Assignment: Every line below from the one with "No último domingo, o" through the one with "Fot. 3. Smardzówka" should be retyped exactly, both ends included; no other lines and no pictures.
# # # # # # #
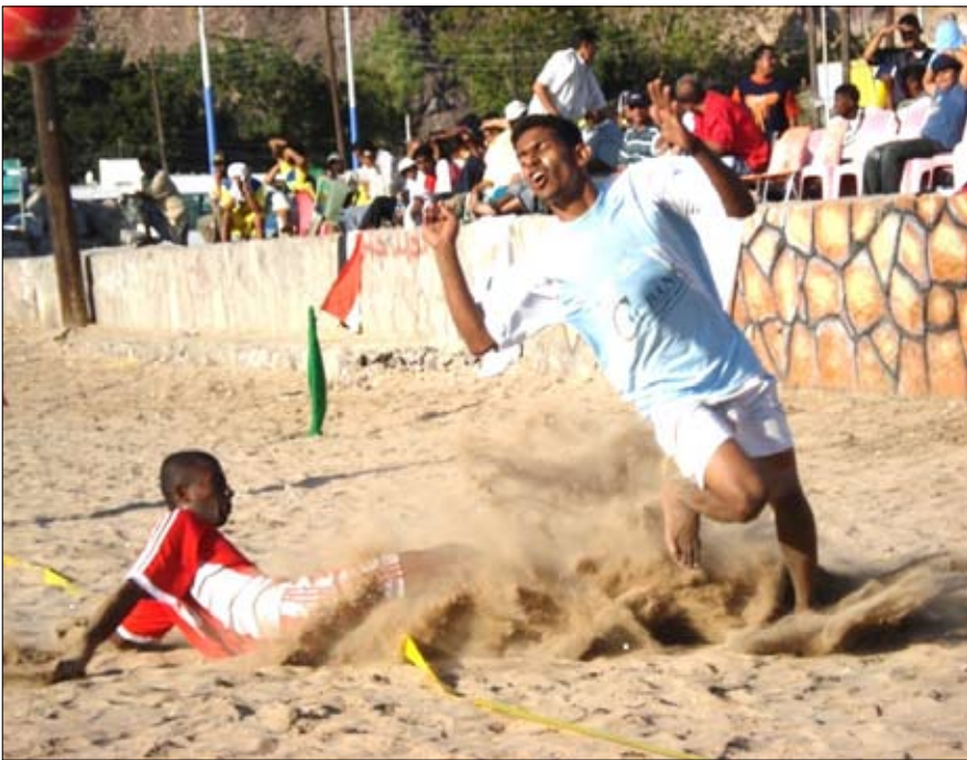
من منافسات كرة القدم الشاطئية - ارشيف
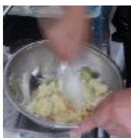
ちょうりじっしゅう アトリエすむち調理実習より

わたし せいかく くうき よ ひと かおいる 私の性格は、空気を読んだり、人の顔
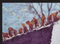
Cacos de Vidro nos Muros
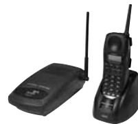
Беспроводной телефон 3Com 3107
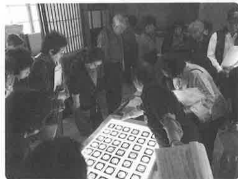
歴史資料館には貴重な資料が展示されています
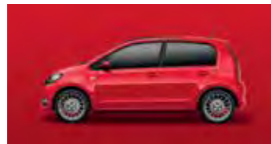
ROJO TORNADO UNI
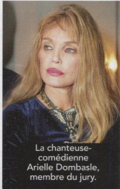
La chanteuse-comédienne Arielle Dombasle, membre du jury.
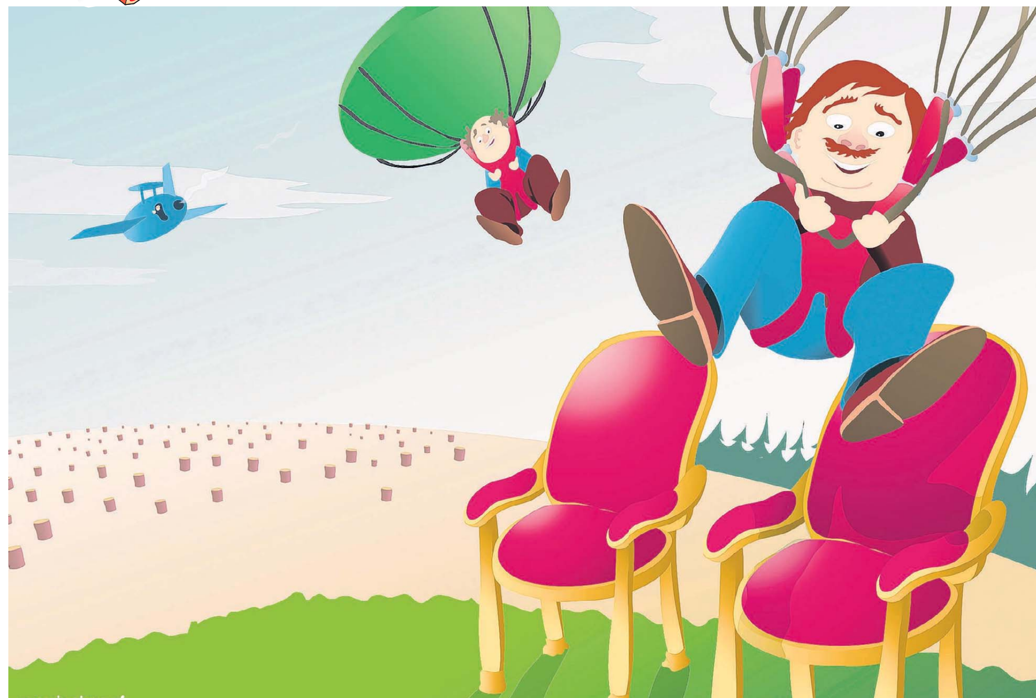
Het Awacs-dossier is van oudsher een waar mijneveld voor politici in Onderbanken.
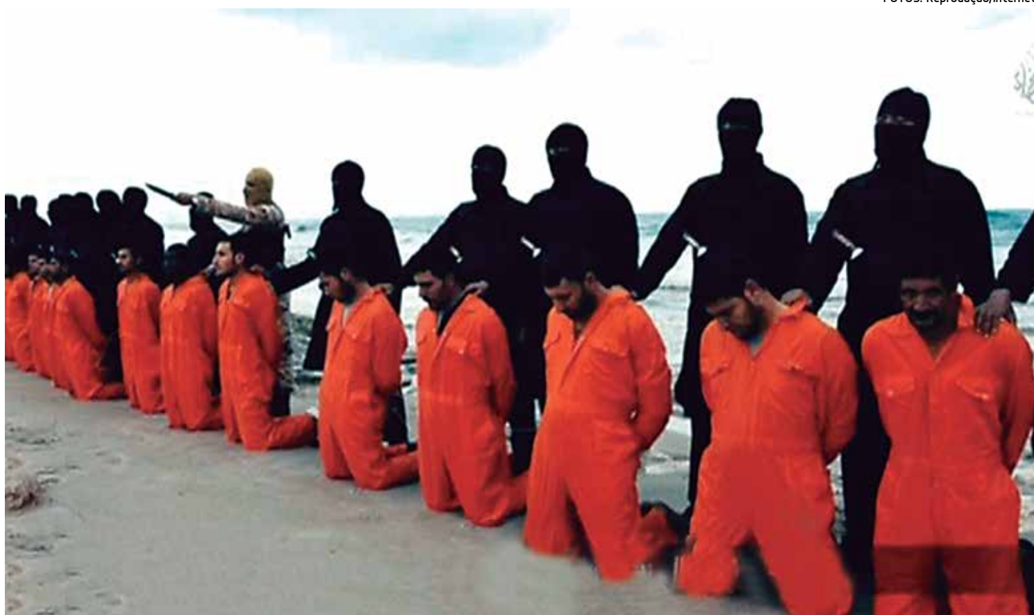
No último domingo, o grupo radical Estado Islâmico divulgou um vídeo mostrando a execução por decapitação de 21 cristãos egípcios

O ministro egípcio das Relações Exteriores, Sameh Shukri, viajou no domingo à noite para Nova York para reuniões na ONU e no Conselho de Segurança para exigir uma reação internacional.
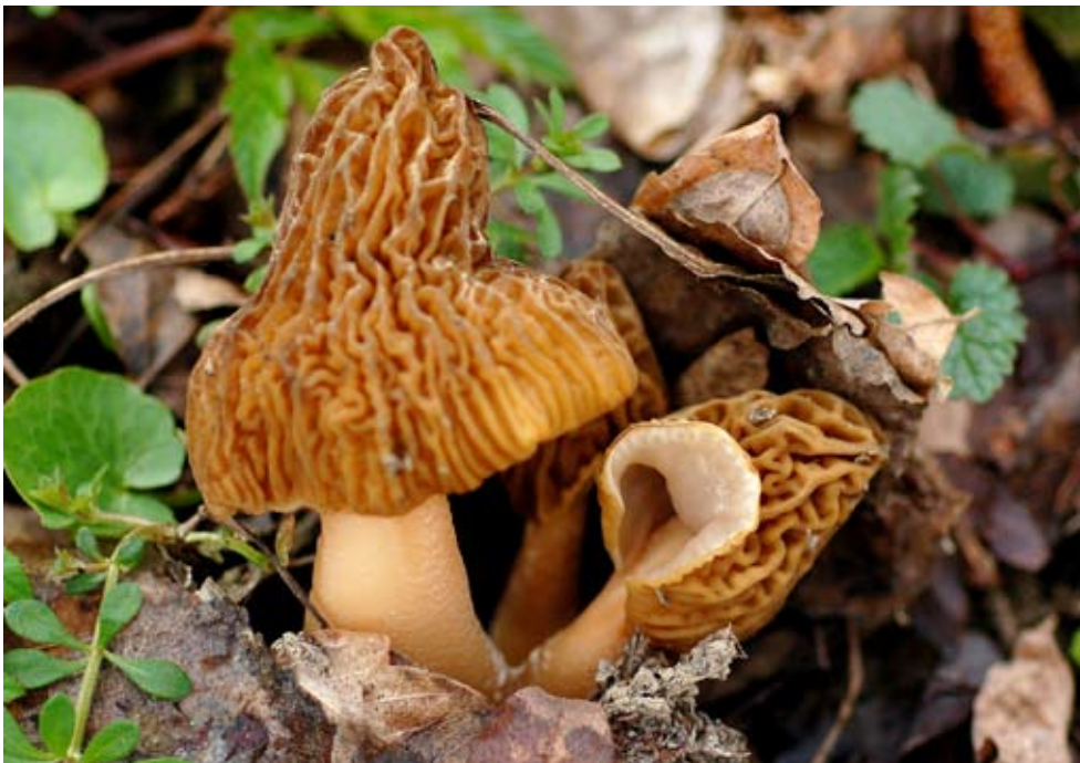
Fot. 3. Smardzówka czeska ( Verpa bohemica ), ID: 95428.

SK, EF-14; 28.04.2008; ogród, rabaty; ziemia; ZO; fot.; ID: 102571. 4. Tarnów, pow. Tarnów, MP, EF-66; 08.04.2008; tereny ruderalne, młode zadrzewienie; ziemia; MCz; TP; fot.; ID: 96900. 5. dol. rz. Raby, pow. wielicki, MP, EF-82; 21.03.2008; las łęgowy; ziemia; APK; fot., zieln. (ZBŚRiL PAN, 1/APK/7.04.08); ID: 95428 (Fot. 3.). 6. Folwark, pow. limanowski, MP, EF-92; 20.04.2008; przy korycie rzeki; ziemia; APK; fot.; ID: 97858. 7. Stalowa Wola, 2 km W, pow. stalowowolski, PK, FE-94; 07.04.2008; las liściasty; ziemia; WS; fot.; ID: 96499. 8. Stalowa Wola, 1 km E, nad rz. San, pow. stalowowolski, PK, FF-04; 06.04.2008; las łęgowy; ziemia; WS; fot., zieln. (ZBŚRiL PAN, 6/WS/26.04.08); ID: 96457. 9. Stalowa Wola, pow. stalowowolski, PK, FF-05; 18.04.2008; las łęgowy; ziemia; WS; fot.; ID: 97689. 10. Tylawa, pow. krośnieński, PK, FG-22; 13.04.2008; nad rzeką; ziemia; AH; fot.; ID: 97329. 11. Wola Niżna, okolice nieistniejącej wsi Polany Surowiczne, u podnóża G. Polańskiej, pow. krośnieński, PK, FG-23;
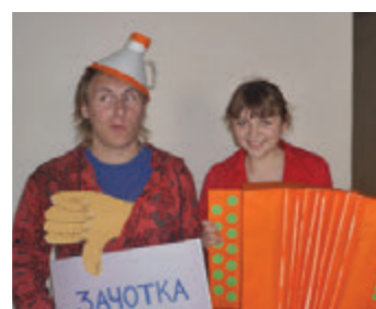
Плакат-победитель конкурса ТГПУ «Недетская реклама»

Студенты – участники проекта «Ночь в музее»
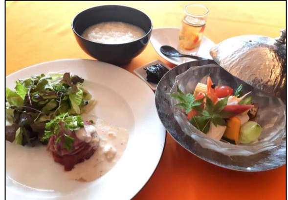
<京のゆば粥御膳～フレンチスタイル～> ラタトゥイユと牛肉のサラダ仕立て ～湯葉ドレッシング添え～
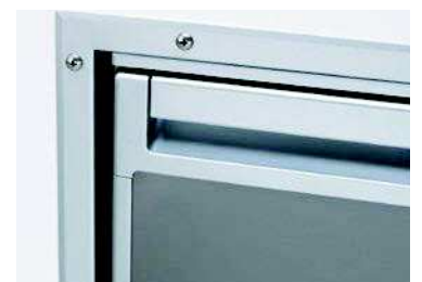
Montage avec cadre standard ou de finition
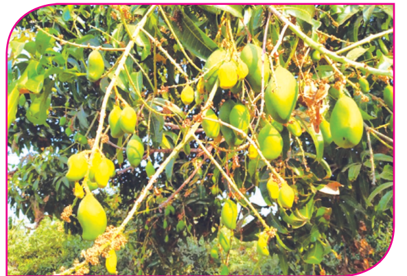
மாவில் பிஞ்சுகள் வெளிர்ந்து காணப்படுதல்
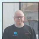
Micke W. Vitvaruleverantör

Samtliga erbjudanden gäller så långt lagret räcker, dock längst t.o.m. 13/4.
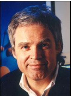
Horst Störmer, Nobelpreis für Physik
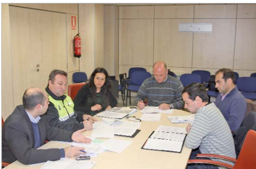
El edil de Medio Ambiente se reunió con ciudadanos y colectivos.

La nueva ordenanza de circulación de peatones y ciclistas se aprueba en sesión plenaria
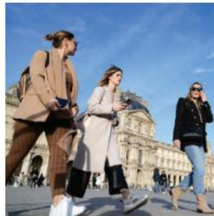
TURISTAS caminan frente al Museo de Louvre, sin cubrebocas.

vierten que sin un plan B la región podría volver a los repuntes, pues en la última semana sumó 60 mil contagios, 10 mil más que en el periodo previo.
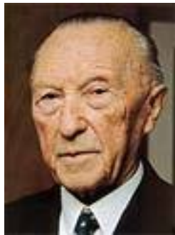
Konrad Adenauer 1876 - 1967

ist das Ergebnis harter und zäher Arbeit. Es erfordert die Anspannung aller Kräfte.
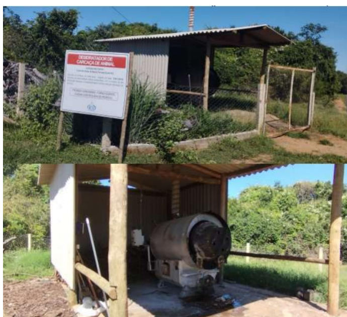
Figura-3. Desidratador de carcaças.
# # # # # # #
Output below:
No último domingo, o grupo radical Estado Islâmico divulgou um vídeo mostrando a execução por decapitação de 21 cristãos egípcios

O ministro egípcio das Relações Exteriores, Sameh Shukri, viajou no domingo à noite para Nova York para reuniões na ONU e no Conselho de Segurança para exigir uma reação internacional.
Fot. 3. Smardzówka czeska ( Verpa bohemica ), ID: 95428.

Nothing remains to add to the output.